Philip Haine's articles on Product Vision, Innovation and Design

Idea stolen: Ansel Adams in one click

A year ago, I pined for more powerful control over my camera:

With a high contrast scene like a face against a bright daytime sky, you have to choose between detail in the shadows — your friend’s face — and highlights in the bright areas — like the cool billowy clouds.  [..] Is there anything to stop the camera from capturing multiple exposures and doing this stitching for you within the camera?  Then you could have Ansel Adams shots at the touch of a button

A team at Stanford has demonstrated this feature (see the video halfway down the page).

Plus those idea robbers also stole another idea straight from my head: the ability to program the camera for all kinds of tricks.

However, their model is open-source software, and so it will be limited in use to real programmers.  This is nice, but I want Nikon and Canon to let any computer-literate person write – or visually snap together – scripts to be executed by the camera. (That’s the new idea to steal.)

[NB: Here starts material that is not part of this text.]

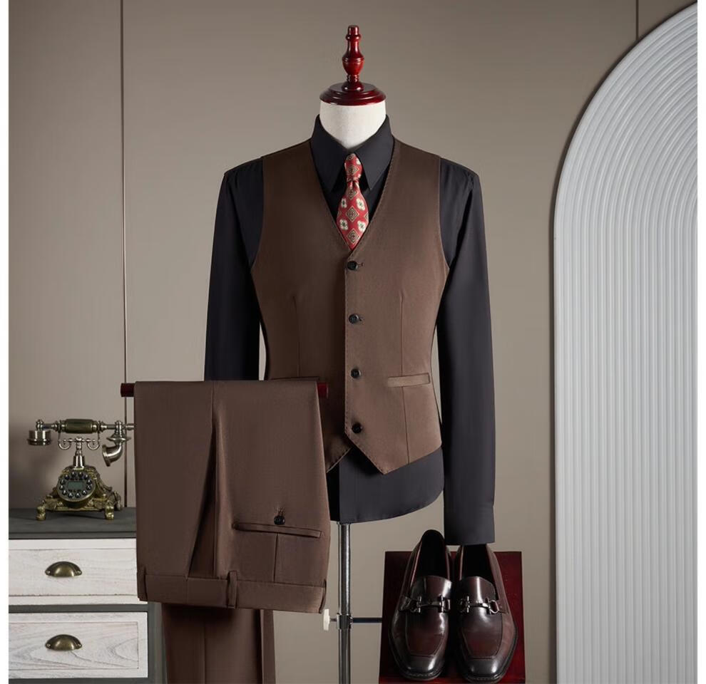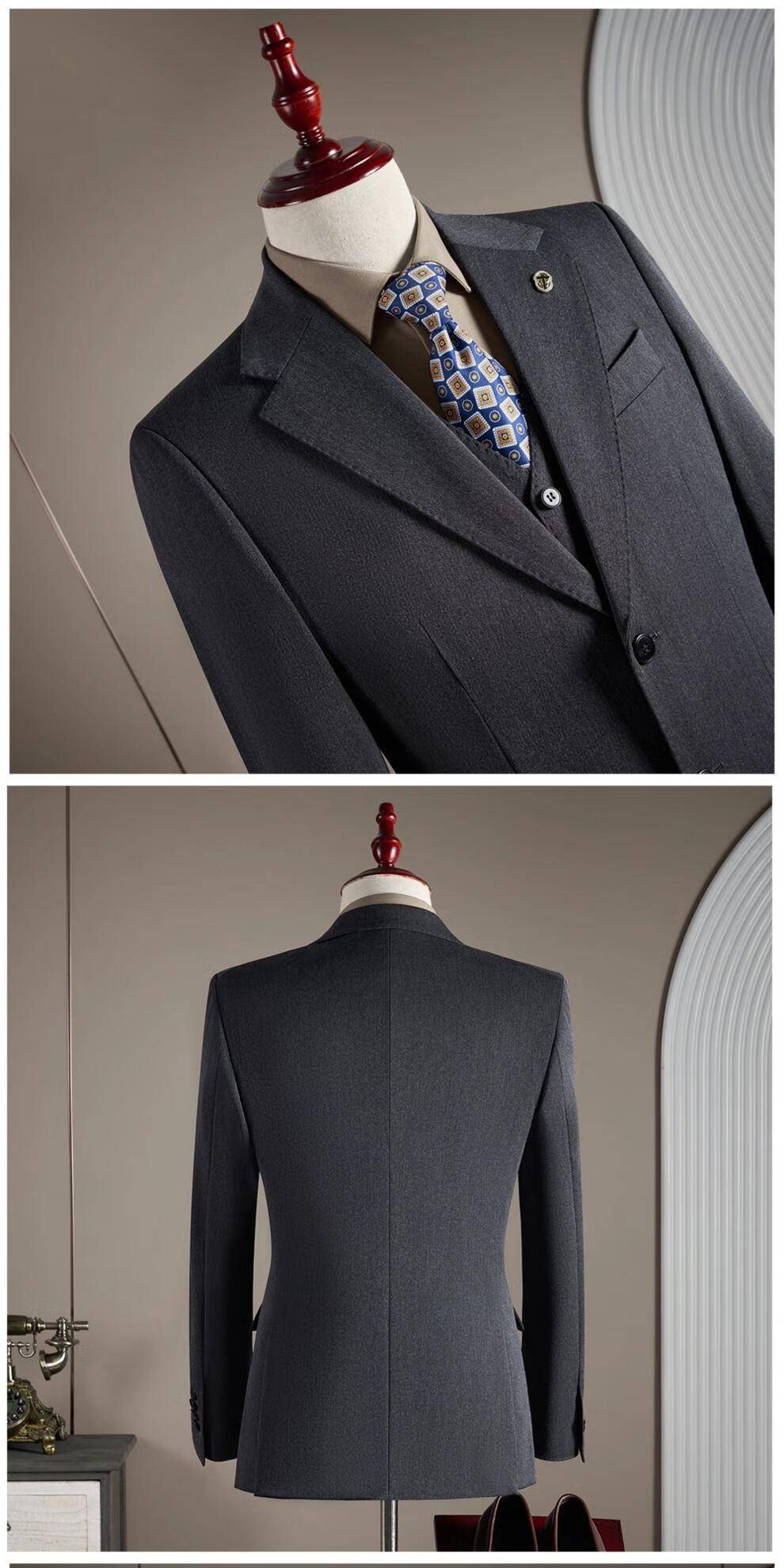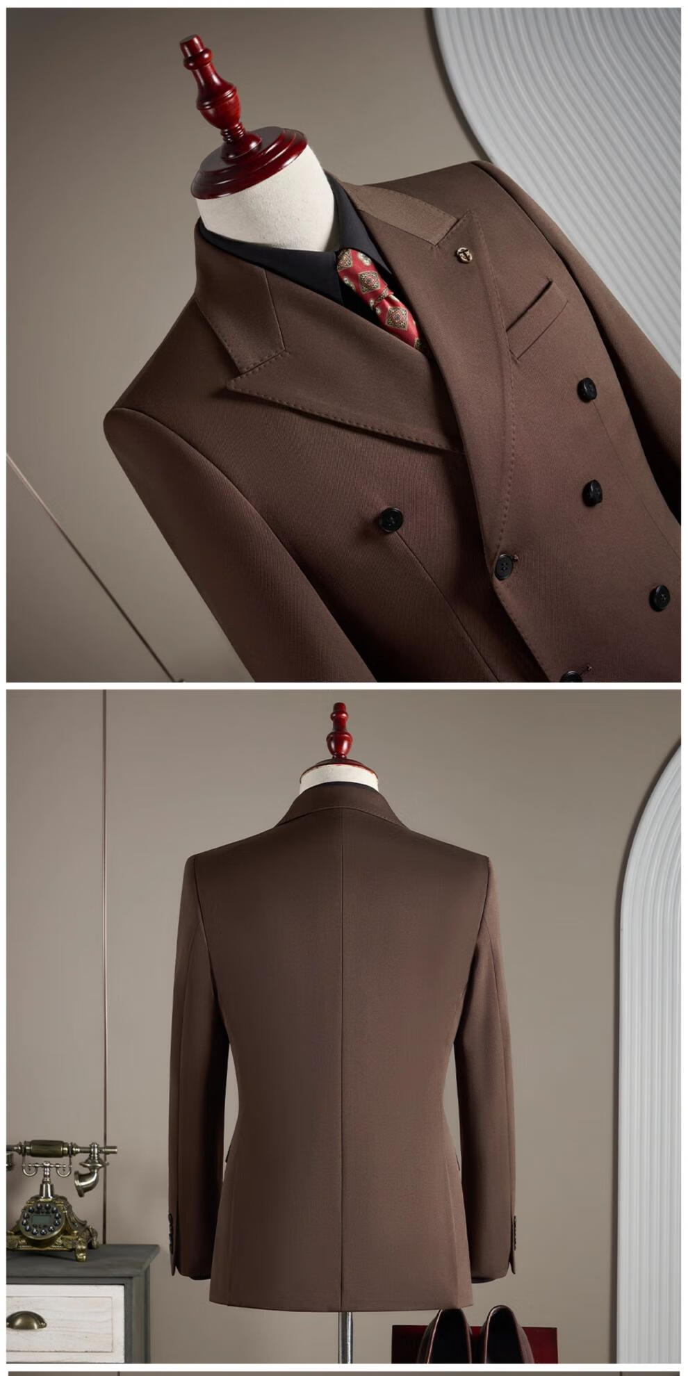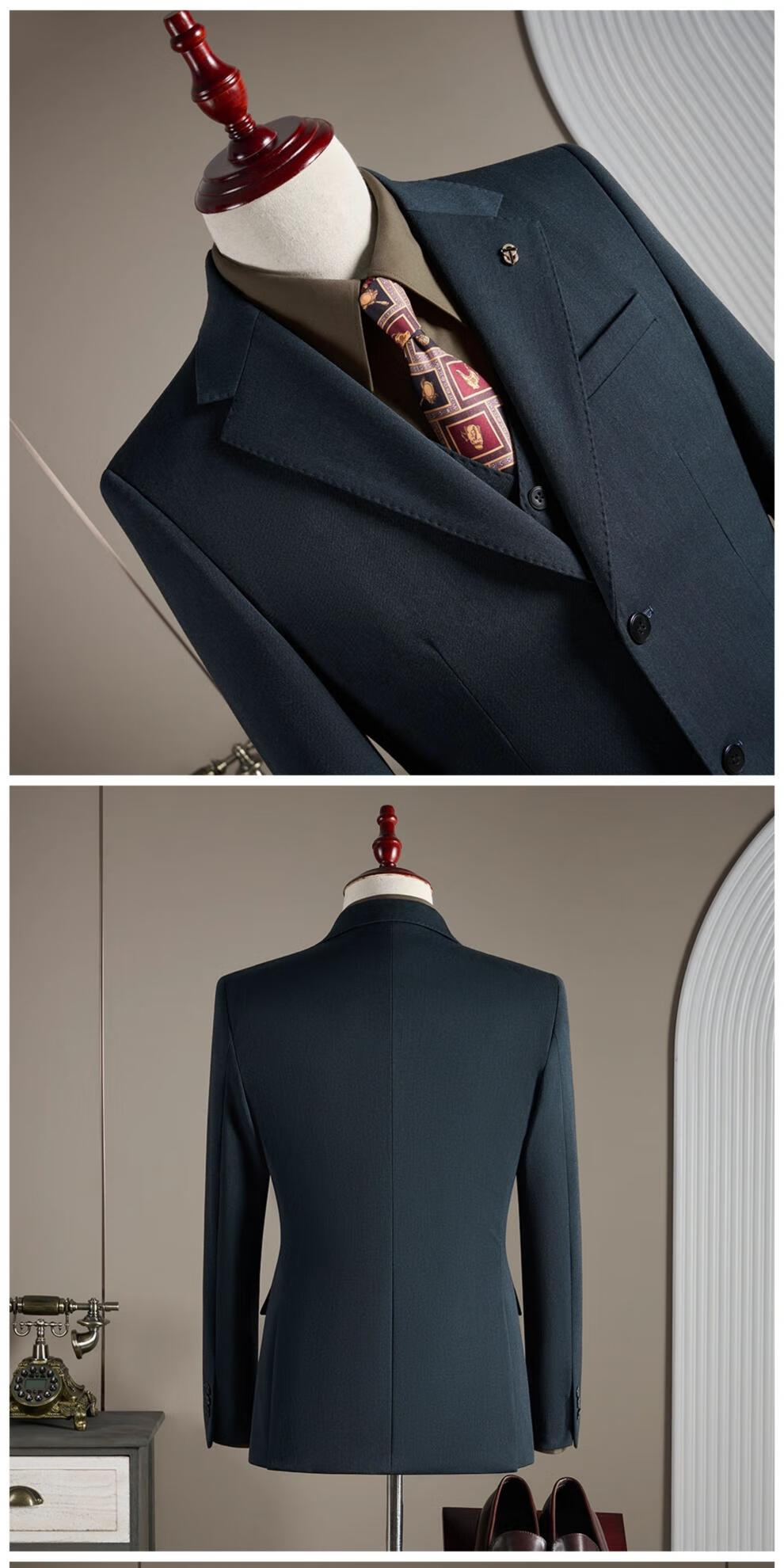 Pierre Cardin high-end men's wool suit suit engagement dress groom wedding business black suit professional formal three-piece suit double-breasted black (suit + vest + trousers) 3XL 56

This is an enabling technology that would let the end-user do all kinds of tricks:

  • Adjust settings & preferences according to your rules (If it’s in Manual mode, fix the ISO.  If it’s in Aperture priority mode, use Auto-ISO.  If the flash is on, drop ISO to 100.)
  • Set up a lightpainting program: blink the light for 3 seconds to indicate the start of the program, then open the shutter for 60 seconds while you paint, then beep for 5 seconds so you can pose, then take a flash image to capture you.
  • Baby or lightning capture: With the camera on a tripod pre-bufferring video, and when a spike in lighting happens or the baby finally laughs, let the user press the remote to begin capture a few seconds earlier
  • Wildlife capture: Pre-buffer video, and when motion is detected, start recording it from a second earlier.  Then capture stills every 10 seconds for the next minute, then wait for motion
  • so much more

The scripts would be sharable and rated online among the community.  Serious photographers are a techie, enthusiastic bunch and this creative capability would go over nicely.

Photographers, what tricks would you teach your gear if it were easy and fun?

Posted by Philip Haine on Monday, September 21st, 2009 at 11:30 am.
See similar articles in: Commentary, Product Vision & Strategy, Stolen Ideas, Visions to Steal.

One Response to “Idea stolen: Ansel Adams in one click”

  1. Dave Cortright wrote on September 21st, 2009 at 12:54 pm :

    Apparently there is a Canon Hackers Development Kit, which some MIT students used to create a rig that would take pictures every 5 minutes until the card was full. They attached it to a weather balloon, and got some nice edge-of-space picts.